Leave issues enough to make you sick
At this time of year many people choose to get a flu jab. I prefer to encourage people around me to get one, so I do not have to. I offer my staff incentives, including arranging for a nurse to deliver the injections, and providing lollies to those who do not cry.
This raises an interesting issue, though – can employers compel their employees to get flu jabs?
The short answer is no, because this is a medical procedure and requires informed consent. It might be possible for an employer to make flu jabs a condition of employment for new employees, because in accepting the offer they would be deemed to be providing consent. But otherwise this must remain a matter of individual choice.
Sick leave also inspires a range of commonly asked questions. One is what happens when employees have no entitlement to sick leave. New employees do not become entitled to paid sick leave until they have worked for a minimum of six months. The question may also arise when an employee has exhausted their existing entitlement.
If an employee is sick, the employer cannot and should not require them to come to work. Nor can an employee be dismissed simply because they have no entitlement to paid sick leave; instead, they can take unpaid sick leave.
Other issues arise when employers have doubts about the genuineness of an illness. In these cases they are entitled to request a medical certificate even for one day away, provided they pay for it.
If an employee is absent for three consecutive days (including weekends), they can be required to provide a medical certificate at their own expense.
Things get tricky when an employer still has reservations after receiving a medical certificate. It is not hard to persuade some doctors that you cannot attend work, which isn’t helped by the lack of information provided on medical certificates.
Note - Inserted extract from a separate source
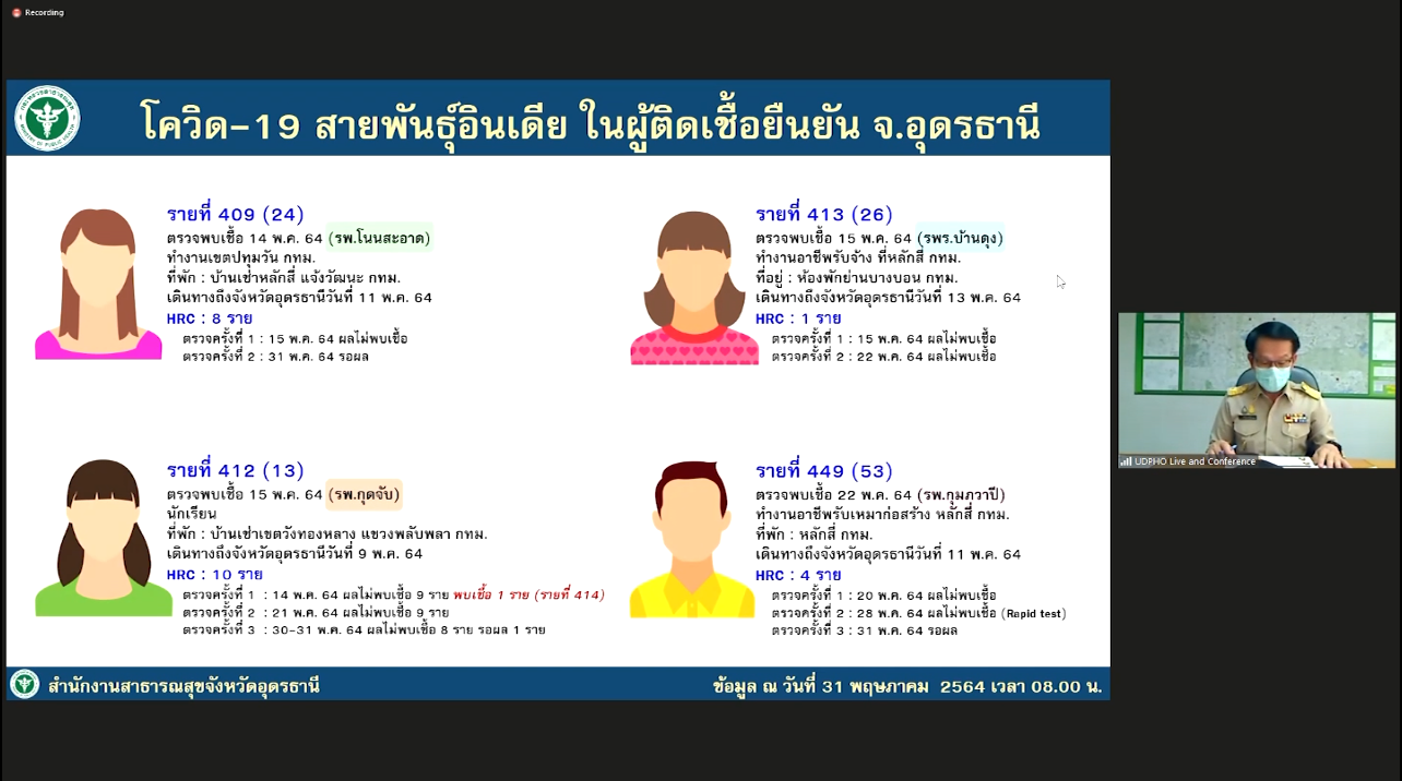 เมื่อวานนี้ (31 พ.ค.) นายสยาม ศิริมงคล ผู้ว่าราชการจังหวัดอุดรธานี พร้อมคณะ แถลงสถานการณ์โควิด-19 ผ่านระบบ Zoom ว่า พบผู้ติดเชื้อโควิด-19 เพิ่มขึ้น 2 ราย ทำให้ยอดสะสมอยู่ที่ 418 ราย เสียชีวิตเพิ่ม 1 ราย รวม 4 ราย และได้รับรายงานว่า ผู้ติดเชื้อรายเดิม 4 ราย เป็นโควิด-19 สายพันธุ์อินเดีย สำหรับผู้เสียชีวิต 1 ราย เป็นชาย อายุ 58 ปี และเป็นผู้ป่วยเบาหวาน วัณโรคเรื้อรัง และป่วยติดเตียง รักษาตัวในห้องไอซียู 21 วัน กระทั่งเสียชีวิต เนื่องจากเลือดเป็นกรด และความดันต่ำ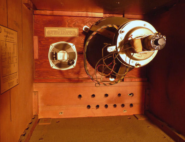 concealed behind a removable wooden panel, are controls for the technician: Focus, Vertical

Unhappily for employers in this boat, they are required to accept the certificate on its face, unless it is fraudulent or a fake. In other words, if the doctor says the employee cannot attend work, that is generally the end of it.
Telecom found this out the hard way when it was criticised by the Employment Court for being unreasonably suspicious about the sick leave taken by employee Madhukar Narayan.
Narayan had applied for leave for a trip to Fiji for four weeks in December 2011 but was only granted three weeks’ leave until December 27. On that day, he emailed Telecom stating, ‘‘I seem to have caught a bad virus,’’ and advised that he would not be coming back to work for a few days.
Narayan then returned to New Zealand and to work on January 3. He provided a medical certificate for his illness on January 17 – there was some delay in getting hold of it as he had left it in his Fiji hotel room. His manager suspected it had been falsified. The certificate did not state the name of the practice or the doctor issuing it.
As a result of the employer’s doubts, and following a disciplinary process, Narayan was dismissed. On appeal, the court held that Telecom had ignored a key fact that totally undermined the basis of the dismissal. It turns out that Narayan had visited a doctor on the day he had claimed to.
The dismissal was found to be unjustified and Narayan was awarded lost wages plus $7000 compensation for humiliation and distress.
One other issue is employees coming to work sick. Can an employer can send workers home?
Given the overriding importance of health and safety in the workplace, if an employer has genuine reason to believe that an employee is a hazard to themselves or other people, they could, following consultation, require them to leave and obtain a medical certificate to confirm that they are safe to be in the workplace.
At this time of year, myriad tricky issues relating to sick leave are highlighted. The employers that tend to run into difficulties are those that are intolerant of employees taking sick leave. Ironically it is these types of workplaces where the highest levels of sick leave are taken.